Rather frequently, these studies considered one of these activities as a determinant of the other. It is important to bear in mind that the dynamics of the relationship between innovation and internationalization can be complex. These studies differ both in the proxies used for innovation and in the characteristics of the samples of firms investigated (innovators, exporters...).
Recently, a number of firm-level (and plant-level) studies have resumed the investigation of the relationship between innovation and internationalization.
Preliminary evidence
Some econometric methods used to analyze the dynamics of innovation and export behavior of firms require the use of a sample without missing data (gaps) over time for each firm. Furthermore, Table 2 reveals that large exporting firms are much more likely to innovate than not, by almost 40 percentage points. However, the overall picture hinders the dynamics of individual innovation and export behavior of firms over time.

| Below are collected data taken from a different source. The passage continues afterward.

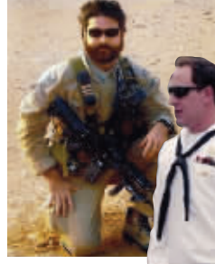
美国媒体报道的部分遇难人员照片
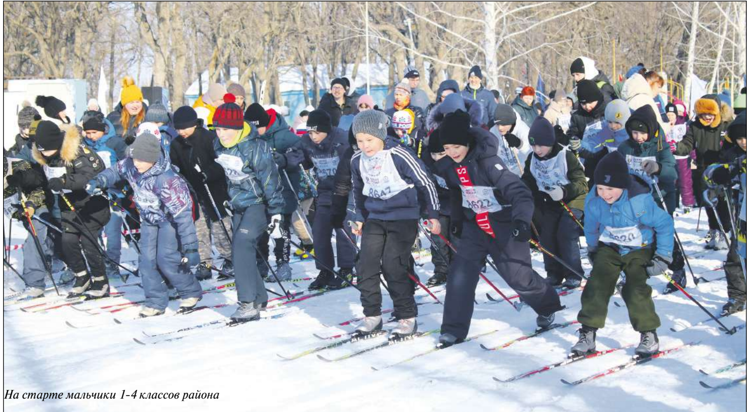
На старте мальчики 1-4 классов района

После объявленного гонкам старта лыжники отправились навстречу новым спортивным рекордам.
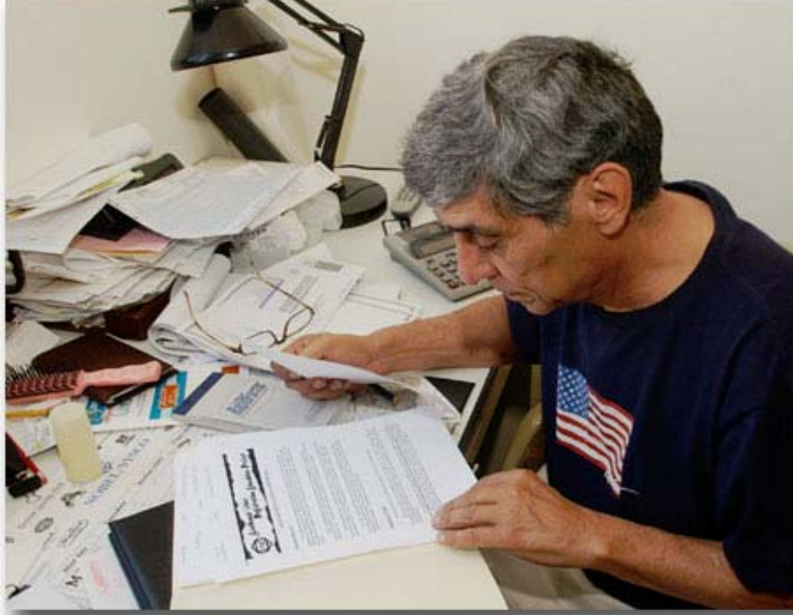
Bu siyasi aktivist Güney Amerika seçmen kaydına para akıtmayı umuyor ve insanları oy kullanmaya teşvik ediyor, Colorado.
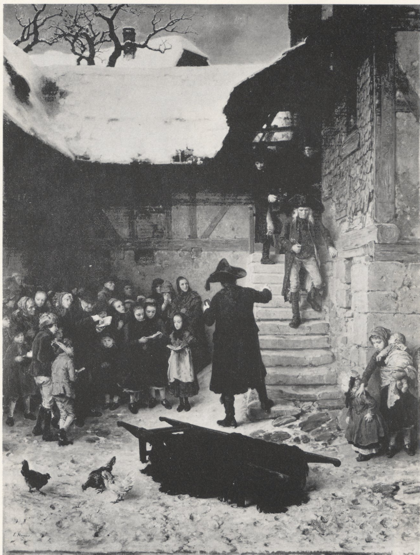
Abb. 3 Ludwig Knaus: Leichenbegängnis in der Schwalm; 1871. Marburg/ Lahn, Marburger Universitätsmuseum für Kunst- und Kulturgeschichte
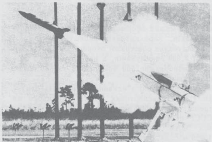
Американська ракета "САМ-Д" під час запуску на об"єкт в повітрі.

*) "Господарство Гальванеску" – роман Смолича про досліди над створенням живих роботів з людей шляхом заміни крові певним хемікалем.
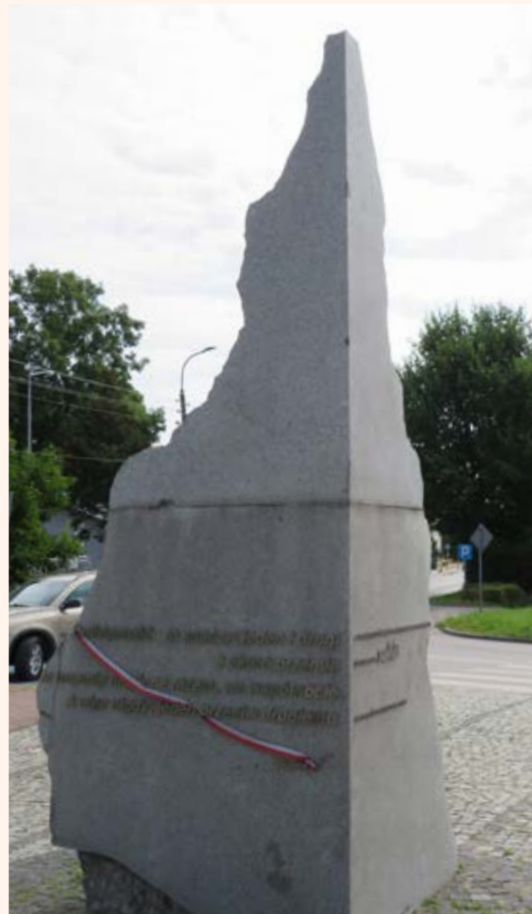
79. Obelisk poświęcony pamięci Jana Pawła II i 25-lecia „Solidarności”, umiejscowiony przed Gminnym Centrum Kultury w Jabłonce, ul. Modlińska.

For SMEs, this percentage is similar in both activities (around 64%), but the distribution between the two persistent states (never and always) is opposite to that of large companies.

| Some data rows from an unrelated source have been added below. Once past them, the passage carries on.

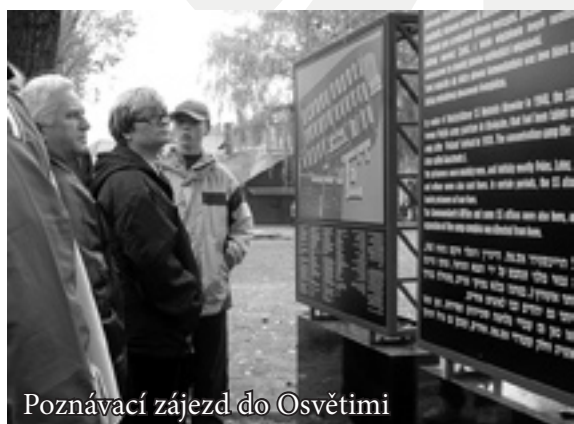
Poznávací zájezd do Osvětimi

Cílem projektu Romský horizont (RH) je postupné překonávání bariér ve vzájemné komunikaci mezi většinovou společností a příslušníky romského etnika, kteří žijí ve Zlíně a okolí. Filozofií projektu je naplnění možnosti vzájemného setkávání, díky němuž se mohou dosud neznámí lidé lépe poznat a odstranit tak sami v sobě předsudky, které vůči sobě případně mají. Neboť právě neznalost nejčastěji plodí strach, od nějž je již jenom krůček k otevřeně projevené nevraživosti. V rámci projektu Romský horizont jsou připravovány kulturní a společenské akce, jako například dny romské kultury, romské kuchyně, výstavy děl romských umělců a podobně. Kromě toho jsou náplní projektu výchovné a vzdělávací akce pro romské rodiny s dětmi. Na všech aktivitách spolupracujeme s romskými organizacemi, jejichž vlastním aktivitám též poskytujeme zázemí v prostorách Charity Zlín na Jižních Svazích - Podlesí.
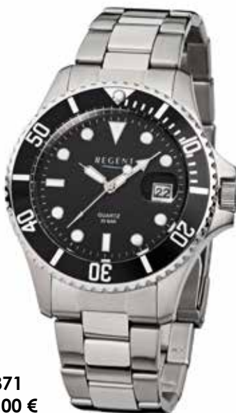
F-371 99,00 €
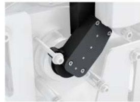
Zeer precieze absolute encoder
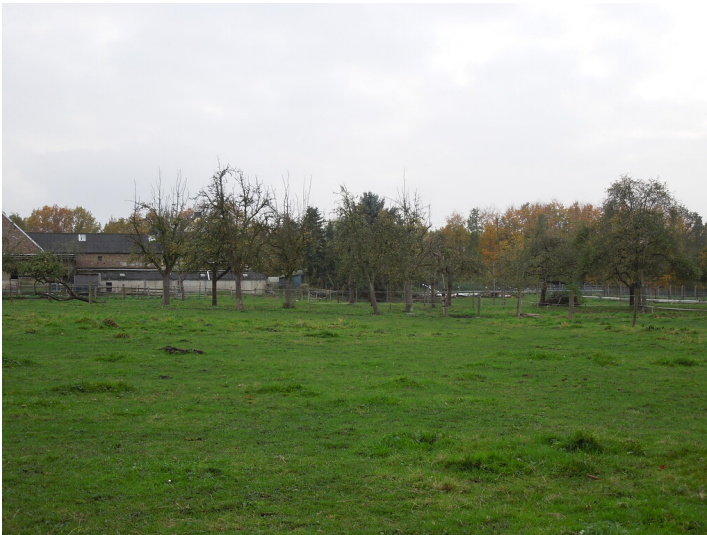
Blick auf Streuobstwiese im Stadtteil Gleuel (2017)
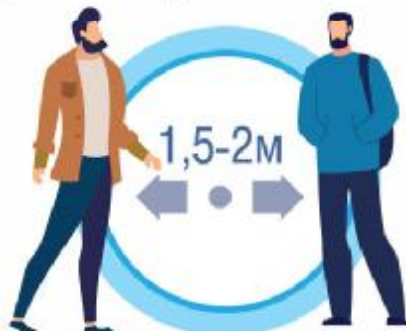
СОБЛЮДАЙТЕ РАССТОЯНИЕ И ЭТИКЕТ
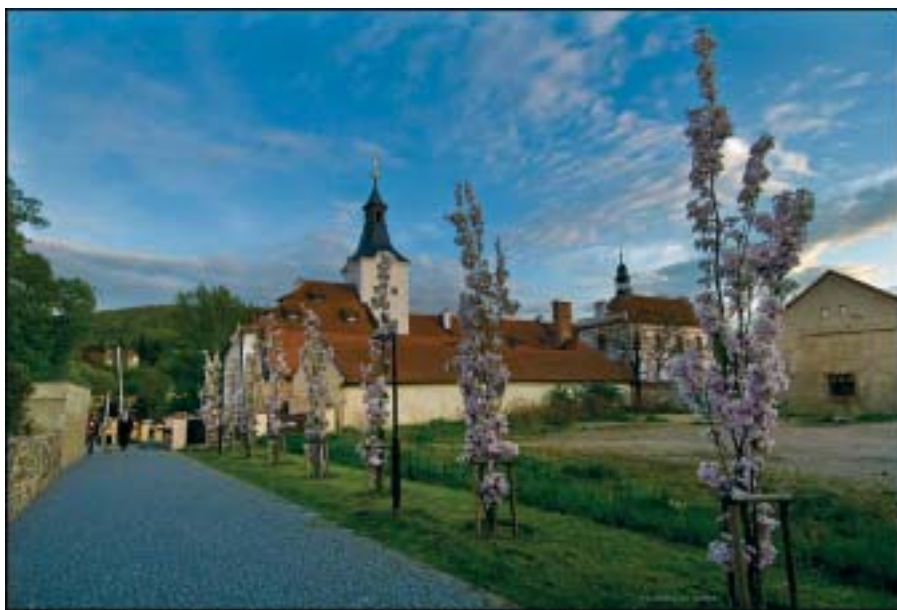
Nový pěší chodník k zámku byl letos lemován kvetoucími prunusy ( Prunus Serrulata Amano-gawa ).

Unikátní divadelní představení bude v pátek 6. června opět k vidění v areálu dobřichovického zámku. V původním muzikálu „Noc na Karlštejně“ si s řevnickými ochotníky zahrají i „hvězdy“, které jsou doma v kraji kolem Berounky – Vladimír Čech, Pavel Vítek a Jan Rosák. Ve speciálním sboru manů složeném ze starostů několika poberounských obcí bude
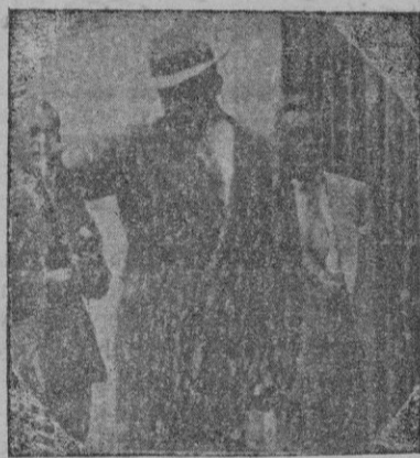
El detective que acompaña al Príncipe de Gales
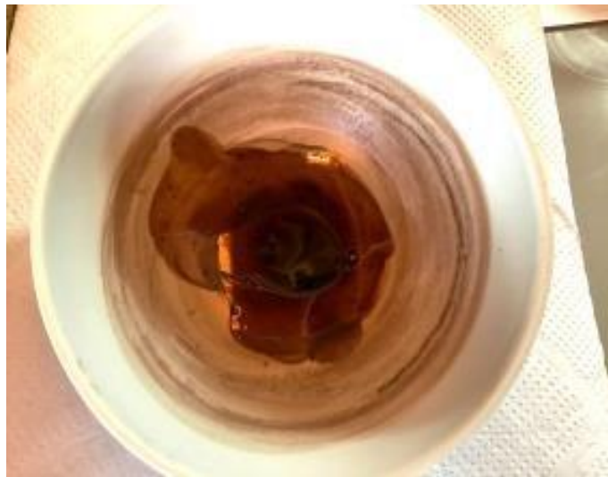
Fotografía N° 10: Melcocha en estado de gel

Determinants of export market and innovation participation
Some or even all of the persistence shown in the first row of the two panels of Table 6 may be due to heterogeneity. Interestingly, for the SME sub-sample, exporters/innovators are clearly more productive, larger and older than exporters/non-innovators and non-exporters/innovators. In summary, there appears to be a positive relationship between innovative activity and exporter status, although the direction of the relationship between the two activities is not evident from the above results.
The regression analysis examines whether, and to what extent, the observed persistence is due to underlying differences in individual characteristics or due to a true causal effect of past on future status of the two decisions.
Model specification and estimation
In random effects modeling, due to the correlation between the individual specific error and the initial conditions, treating these endogenous initial conditions as exogenous results in inconsistent estimates. In the first step, we need to add a reduced-form equation for the initial value of the latent variable y*i1, excluding the lagged dependent variable but including a set of exogenous instruments. Then, in a second step, maximum likelihood estimates of the entire model are produced.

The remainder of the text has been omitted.